The Hazelwood coalmine was ignited by a bushfire in 2014 and burned for 45 days, resulting in plumes of smoke and ash over the Latrobe Valley in Victoria. Previous analysis has shown that 24-hour PM2.5 levels exceeded the Australian air quality standard of 25 micrograms a cubic metre in parts of the town of Morwell on 23 of those days, sometimes reaching levels 19 times the limit.

The research, published in the journal Environmental Research, compared the hospital records of 2,725 Latrobe Valley residents from 2009 to 2019 against data about their smoke exposure during the mine fire.

The study’s corresponding author, Yuming Guo, a professor of global environmental health and biostatistics at Monash University, said: “[With] just six weeks’ exposure to the coalmine fire smoke, there were long-term effects for human health.”

The Hazelwood research showed that the particulate matter in coalmine smoke was of higher health risk than other sources of PM2.5, he said.

“Because both coalmine fire and wildfire smoke have a higher concentration than background PM2.5, the issues … are very serious for the general population and also for vulnerable people [such as pregnant women, elderly people, or those with pre-existing health conditions].”
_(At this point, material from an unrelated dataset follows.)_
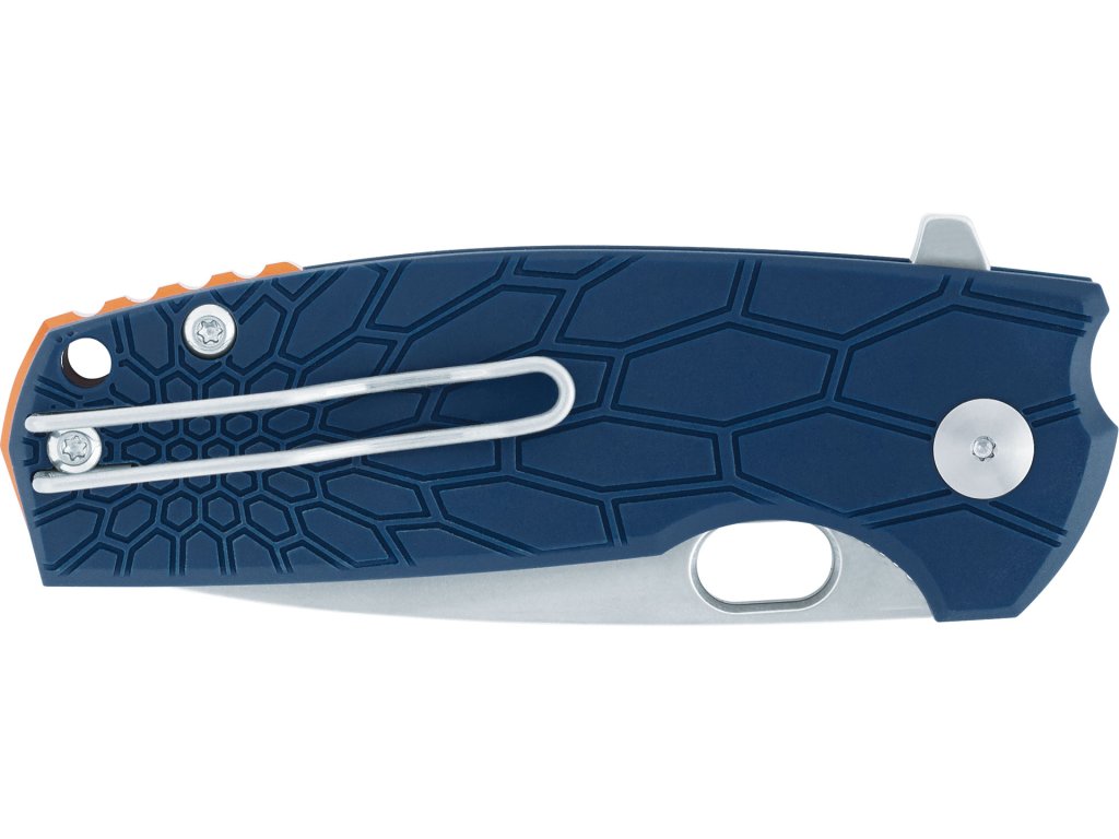 Rukojeť z lehkého a odolného materiálu FRN® (Fiber Reinforced Nylon) v atraktivní modré barvě je ergonomicky tvarovaná a příjemná do ruky. Oranžový anodizovaný hliníkový spacer dodává noži originální kontrastní detail. Pro pohodlné nošení slouží oboustranný kapesní klip z nerezové oceli AISI 420.

Guo said governments and communities would need to do more to prepare for future fires, given that amid the climate emergency bushfires are beginning earlier and the intensity of fire weather is increasing.

“People are sensitive to coalmine fire smoke and bushfire smoke – they need to find a way to protect people from exposure,” he said. “The [season] will be longer and the frequency will be much more than before.”

Much of the previous research into the effects of the coalmine fire, as part of the Hazelwood health study, focused on short-term impacts, with findings such as an increase in cardiovascular-related deaths in the six months after the blaze.

The researchers noted it was possible that the increase in emergency presentations over the five years “could have been mediated by changes in the socioeconomic environment in the area post mine fire, which could also have introduced a negative impact on health and wellbeing”.

The president of the community group Voices of the Valley, which was formed after the fire, Wendy Farmer, said the blaze had affected many more people than were tracked in the study.

The research focused primarily on residents of Morwell, a town that was badly affected. Farmer, whose husband worked in the Hazelwood mine before it closed in 2017, said: “Many of the workers and the emergency services of course did not reside in Morwell.

“I think there is a high percentage of the community that are still suffering from respiratory and heart disease that aren’t covered in this study.”